■ **Work to be completed**:
Return every line of the records that includes the string "مكتب".

■ **Data for the task**:
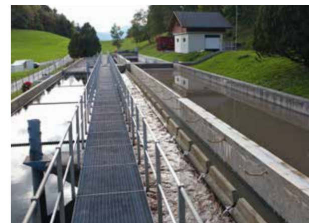
La STEP produit du biogaz qui est transformé en énergie.

La mobilité est un problème dans les régions de montagne mais les solutions existent. Parmi elles, Leysin met tous les jours à disposition de ses citoyens deux flexicards des CFF. Une manière de voyager à prix réduit. La Commune soutient aussi l'achat de vélos électriques par l'octroi de subventions. Si l'on ne peut pas se passer de la voiture, pourquoi ne pas conduire de façon écologique ? En ce sens, tout le personnel communal s'est vu offert des cours « ecodrive ». Leysin a également été une des premières communes à s'équiper d'une surfaceuse de glace fonctionnant au gaz naturel. Rouler au gaz naturel permet en effet de polluer deux fois moins et le litre équivalent essence est à 1 franc. La Commune est enfin l'une des rares qui turbine ses eaux usées. La STEP produit par ailleurs du biogaz qui est transformé, lui, en chaleur écologique. Une énergie utilisée pour chauffer les locaux et le digesteur. Les déchets verts partent à l'usine de biogaz de Roche
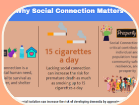
Por qué es tan importante la conexión social

¿NO TIENES TIEMPO PARA VER UN VIDEO? HAZ CLIC EN LAS IMÁGENES DE ABAJO PARA VER LA INFOGRAFÍA DE CADA PARTE.
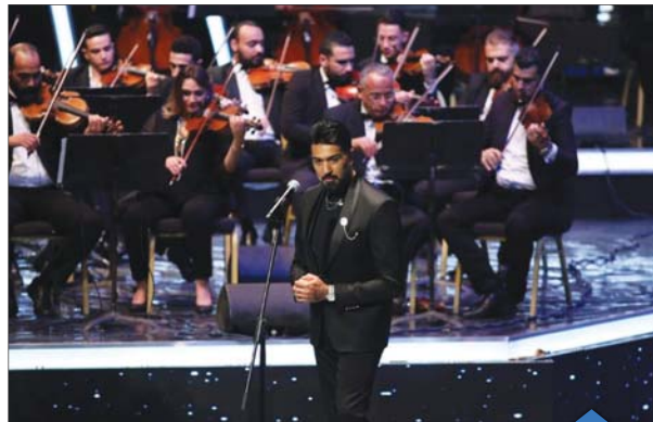
أحبا المطرب همام إبراهيم، حنلاً غنائياً في الليلة العاشرة من فعاليات مهرجان الموسيقى العربية في دورته 28، والمقام على المسرح الكبير بدار الأوبرا المصرية، وهي المشاركة الثالثة على التوالي لإقام في هذا المهرجان.

تقيم دائرة الفنون التشكيلية بوراة الأولى من شهر كانون الثاني وعلى قاعة القصر العباسي المعرض التشكيلي «إبداعات تشكيلية في أروقة عباسية» المعرض بمشاركة فيه مئة فنانة وقنان من مختلف الأجيال، ويضم أعمالاً مختلفة من مناهج ومدارس الرسم واللوحات المائية والتعبيرية والسريالية.
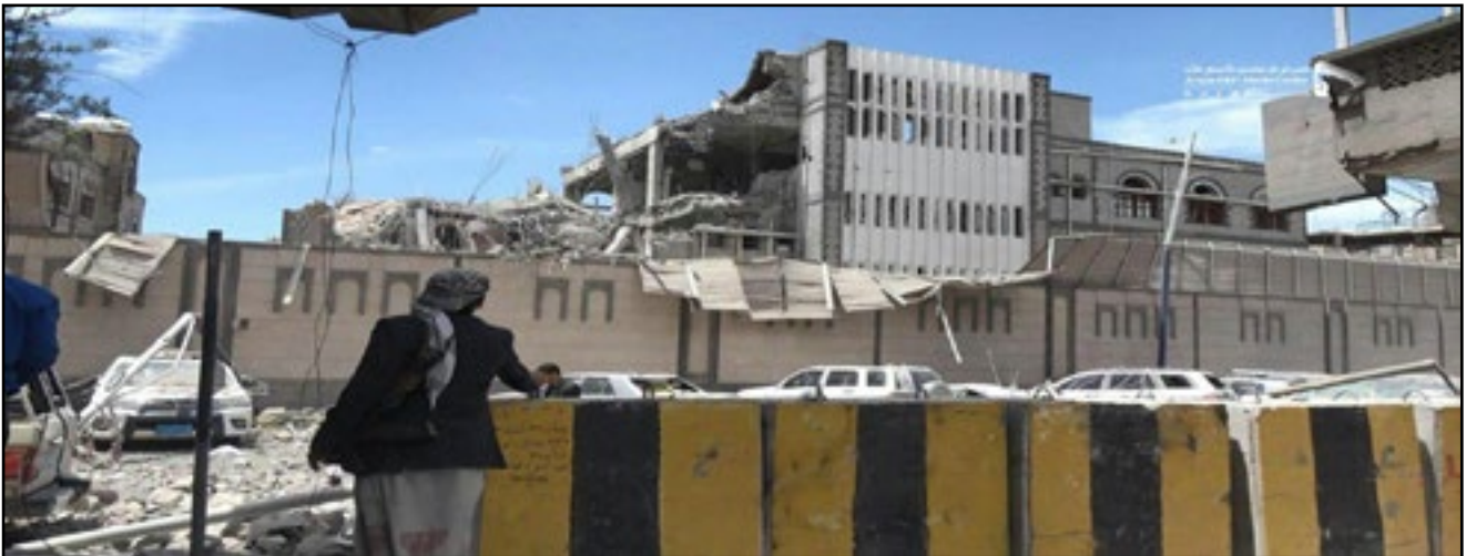
استهداف طيران تحالف العدوان مبنى مكتب رئاسة الجمهورية بمديرية التحرير - العاصمة صنعاء 7 مايو 2018م

89. في صباح يوم الاثنين الموافق 7 مايو 2018م استهدف طيران دول تحالف العدوان مبنى مكتب رئاسة الجمهورية والذي يقع وسط العاصمة صنعاء بمديرية التحرير وفي حي يعد من أكثر الأحياء كثافة سكانية وفي الوقت الذي كان المكتب يحتضن بالموظفين، وعاود الطيران استهداف المسعفين بغارة أخرى مما ضاعف أعداد الضحايا إلى أكثر من 100 مدني بين قتل وجريح وتسبب بأضرار بالغة في المبنى المستهدف وتضرر عدد كبير من المباني المجاورة.
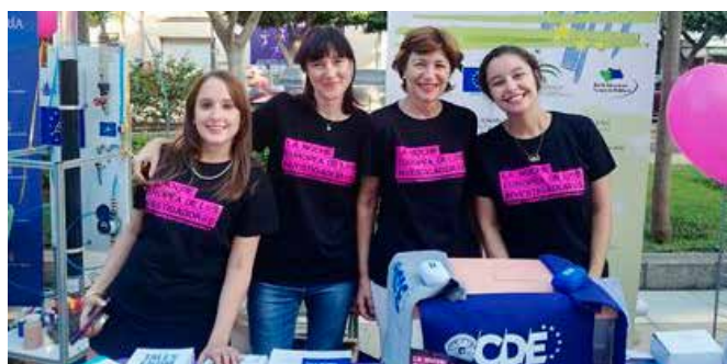
Noche Europea de los Investigadores

El CDE participó en la 13ª edición de la Noche Europea de I@s Investigador@s con un stand informativo sobre sus actividades y servicios. Se presentaron actividades relacionadas con el papel de la mujer en la ciencia y la investigación como un concurso de cartas informativas “Conoce a las mujeres europeas en la investigación”. También se realizó un concurso de dibujo, “El mejor invento del mundo mundial”, con la intención de acercar la ciencia al público infantil. La actividad tuvo aproximadamente un total de 3000 participantes.
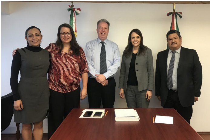
* Reunión con la Presidenta Municipal de Escobedo, Nuevo León.

5. Con el objetivo de Consolidar el Modelo Operativo de la nueva Guía Consultiva de Desempeño Municipal, nos reunimos con los estados de Hidalgo, Morelos, México, Tlaxcala y Puebla, para llevar a cabo una mesa de trabajo a fin de fortalecer esta nueva herramienta para los municipios de México. Los participantes nos apoyaron con su retroalimentación y observaciones respecto al funcionamiento y operación de la Guía.
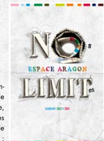
visuel de la saison www.studioespaceda.fr

Découvrez la programmation spectacles de la saison NOs LIMITEs, achetez vos places en ligne sur www.espace-aragon.net
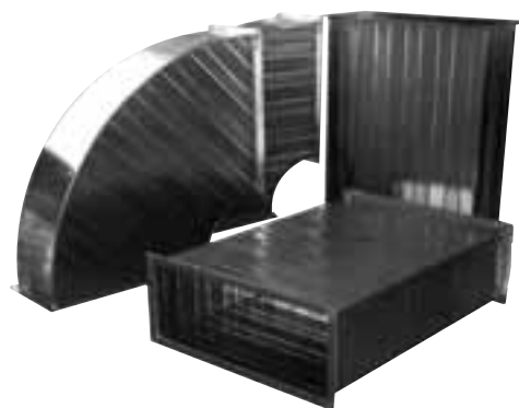
空調ダクト「ラインエコ」

現在、新規事業「アロマエアー」のアロマオイルとディフューザー(噴霧器)の販売を行うなど、新たな事業にも挑戦しています。
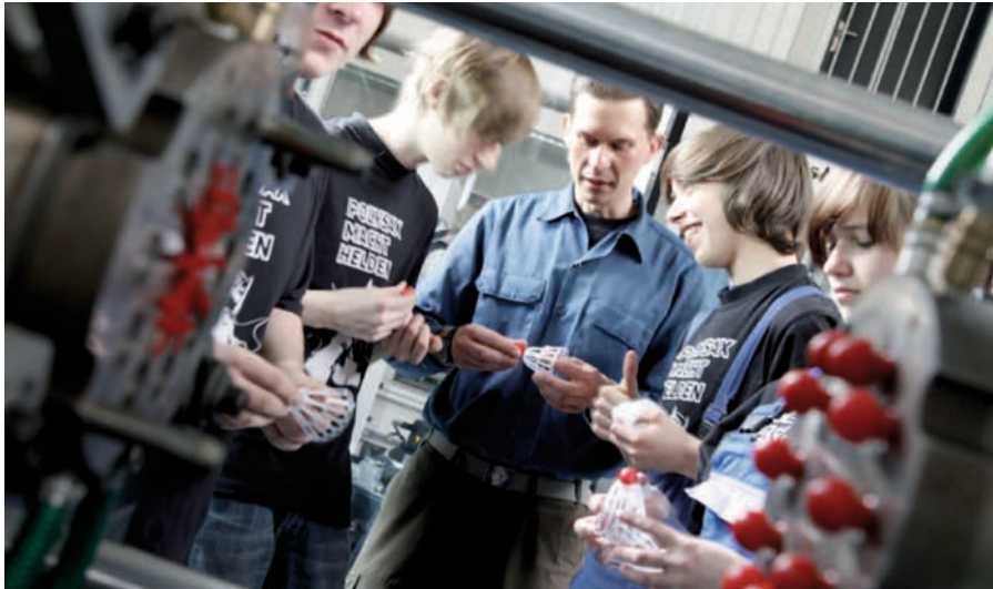
Anschauungsunterricht: Kunststoff-Azubis bei der Verbundausbildung im Technikum Bautzen

Die traditionsreiche Oberlausitzer Kunststoffindustrie beliefert viele namhafte Fahrzeughersteller, produziert aber auch Kunststoffrohre, Badmöbel oder Verpackungen. Das JOBSTARTER-Projekt POLYSAX trägt durch eine attraktive Verbundausbildung zu mehr Zukunftssicherheit der Branche bei. Ein Projektbericht von Kerstin Ganz.
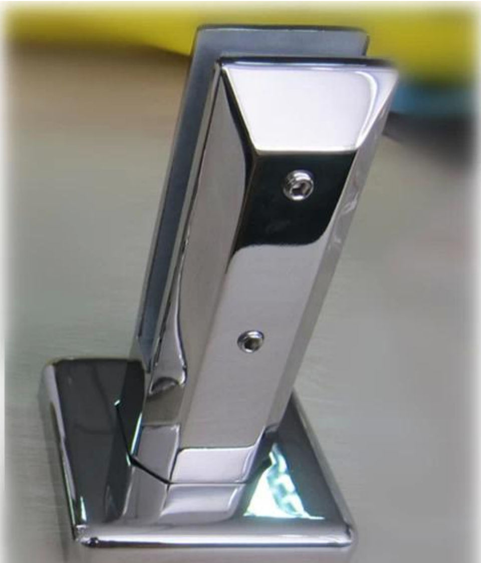
base plate spigot friction type SBM
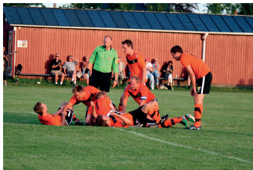
Segermålet hemma mot Höörs IS

Torn gick som tåget efter sommaruppehållet och den 10 september var det laddat för fest i Stångby. Torns IF ställdes då mot IFK Trelleborg på hemmaplan i den fjärde omgången från slutet och vid vinst så skulle man ha säkrat seriesegern genom att leda med ointagliga 11 poäng.
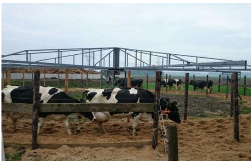
Obrázek č. 12: Cvičení skotu (dr.ir. W. Ouweltjes)

Ouweltjes (2015) ve svém projektu používal kolotoč pro koně, kde krávy chodily dvakrát denně po dobu 45 minut. Rychlost chůze byla přizpůsobena lehkému tempu krav, a to 3,4 km/h. Během pokusu byly krávy důkladně sledovány, aby se zjistil rozdíl mezi oběma skupinami. Zaznamenávala se individuální produkce mléka a příjem krmiva a každý týden se odebíraly vzorky krve pro sledování metabolismu. Chování krav bylo zaznamenáváno senzory, které měřily vzorce aktivity. Byla sledována srdeční frekvence, a to jak v klidu, tak při cvičení, aby bylo možné měřit fyzickou kondici. U všech krav se každý týden hodnotila pohyblivost a prokrvení dolních končetin.
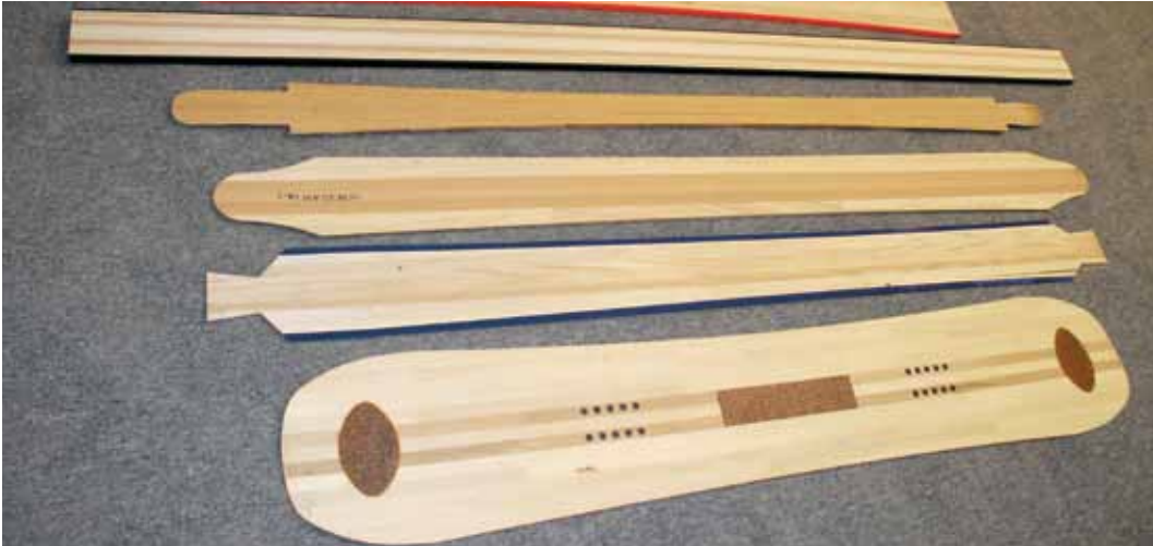
Weltweit führend: Die von der Firma Hess produzierten Holzkerne für Ski und Snowboards.

Zugsböden und Prallwände für Turnhallen produziert. Dazu wurden die Sperrhölzer bezüglich statischer Werte getestet und bilden nun eine zugelassene Rechenbasis für Ingenieure im Holzbau. In bedeutenden Holzbauten in der Schweiz wurde bei statisch anspruchsvollen Problemlösungen auf das Sperrholz der Firma Hess zurückgegriffen. Zu nennen ist das neue Tamediagebäude in Zürich und das sich im Bau befindende neue Swatch-Gebäude in Biel.
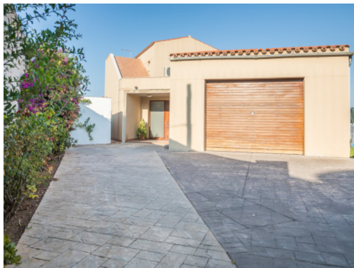
Acceso al chalet con garaje
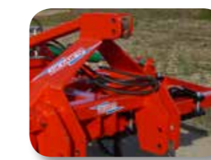
Enganche al tercer punto
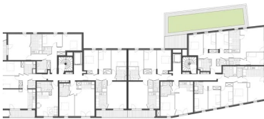
Plan étage courant
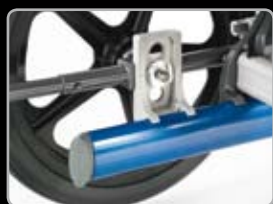
Altezza della seduta regolabile
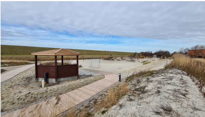
Trockenstrand Upleward Düne.jpg
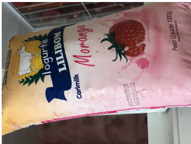
Figura 3: Rio Tinto-EMEF HERMAN LUNDGREN

■ **Output**:
استهداف طيران تحالف العدوان مبنى مكتب رئاسة الجمهورية بمديرية التحرير - العاصمة صنعاء 7 مايو 2018م
89. في صباح يوم الاثنين الموافق 7 مايو 2018م استهدف طيران دول تحالف العدوان مبنى مكتب رئاسة الجمهورية والذي يقع وسط العاصمة صنعاء بمديرية التحرير وفي حي يعد من أكثر الأحياء كثافة سكانية وفي الوقت الذي كان المكتب يحتضن بالموظفين، وعاود الطيران استهداف المسعفين بغارة أخرى مما ضاعف أعداد الضحايا إلى أكثر من 100 مدني بين قتل وجريح وتسبب بأضرار بالغة في المبنى المستهدف وتضرر عدد كبير من المباني المجاورة.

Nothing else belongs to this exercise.